Dr. Johann Gottfried von Schadow (*1764 - † 1850) erwarb das Werk von Göz › »Die heutige sichtbare Körperwelt« (1783) wahrscheinlich nach 1789, als er bereits mit den Vorbereitungen zu seinem theoretischen Arbeiten beschäftigt war (1796 ff).

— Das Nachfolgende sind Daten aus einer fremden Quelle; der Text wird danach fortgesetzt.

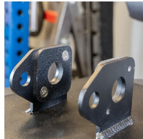
Plastic to protect post/spotter arm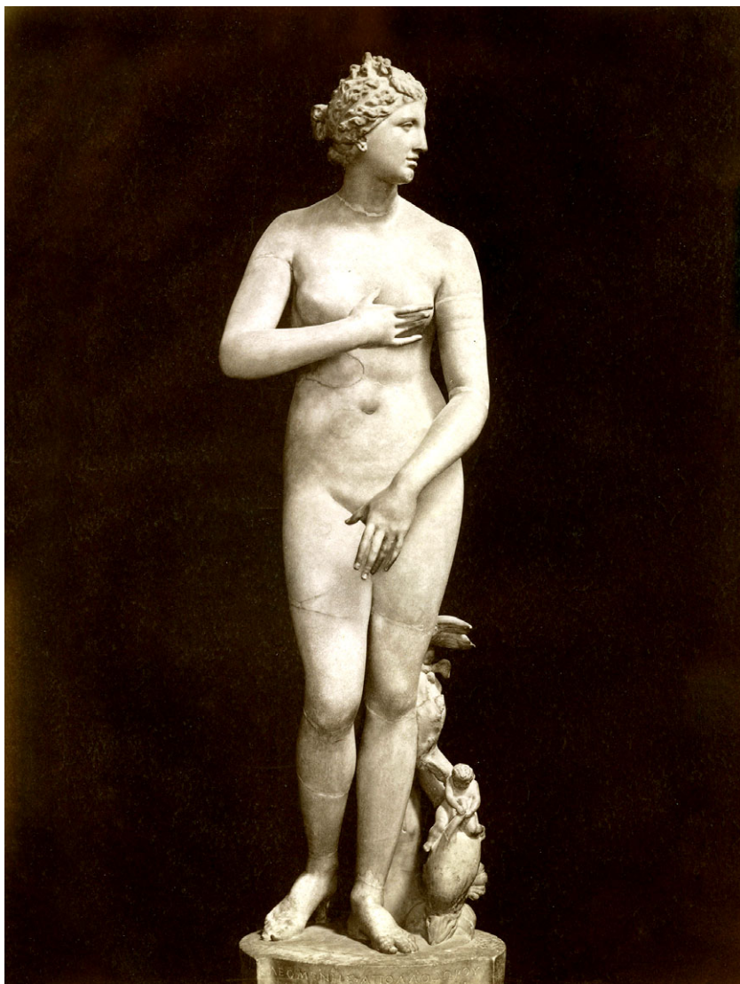
Figure 1.1 Venus de' Medici . First-century BCE copy of a fourth-century BCE statue. Uffizi Gallery, Florence, Italy.

Vor allem in den 20er und frühen 30er Jahren des XIX. Jahrhunderts nahm der Plan einer systematisch aufgebauten Kunstlehre genauere Gestalt an. 1830 erschien eine »Lehre von den Knochen und Muskeln«, in der er Probleme der Darstellung von Bewegungen (Muskelkontraktion) und perspektivischer Verkürzung behandelte. 1834 folgte eine umfangreiche Studie zur »Proportion des Menschen«, deren vorbereitende Arbeit bis auf das Jahr 1802 zurück zu verfolgen sind. › 1835 erschienen seine »Nationalphysiognomien«. Darin stellte er Unterschiede der Kopfformen vor, die nach Zeichnungen hautsächlich aus der Zeit der Befreiungskriege zusammengestellt wurden, als Schadow in Berlin die Gelegenheit hatte, zahlreiche nicht-europäische Personen zu zeichnen, die zu den verschiedenen Truppen gehörten, die im Kampf gegen Napoleon durch Berlin zogen. In der Vorrede des »Polyclet« von 1834 beschrieb er den genauen Plan seiner Bemühungen um die Fortsetzung seines theoretischen Werkes. Schriften "... über den Ausdruck der Leidenschaften; über die Affecte und Gebehrden, und über das Costüm oder die Bekleidung..." (Vorrede S. III) sollten sein Werk vervollständigen. Die Ausarbeitung des vierten, letzten Punktes, wohl auch zum "Ausdruck der Affecte und Gebehrden" dienten die vorliegenden Randzeichnungen auf den Stichen von Göz. Hier übersetzt Schadow gleichsam die Figuren des späten XVIII. Jahrhunderts in reizvoll gelungene Zeitgenossen, teilweise als Aktskizzen, teilweise als Kostümstudien, die sich nicht nur durch die "Modernisierung" der Kleidung auszeichnen, sondern ihre Haltungen und ihre Gestiken sind die der neuen bürgerlichen Gesellschaft.
© W.P.Gerlach 12.12.1999, revidiert 08.2019.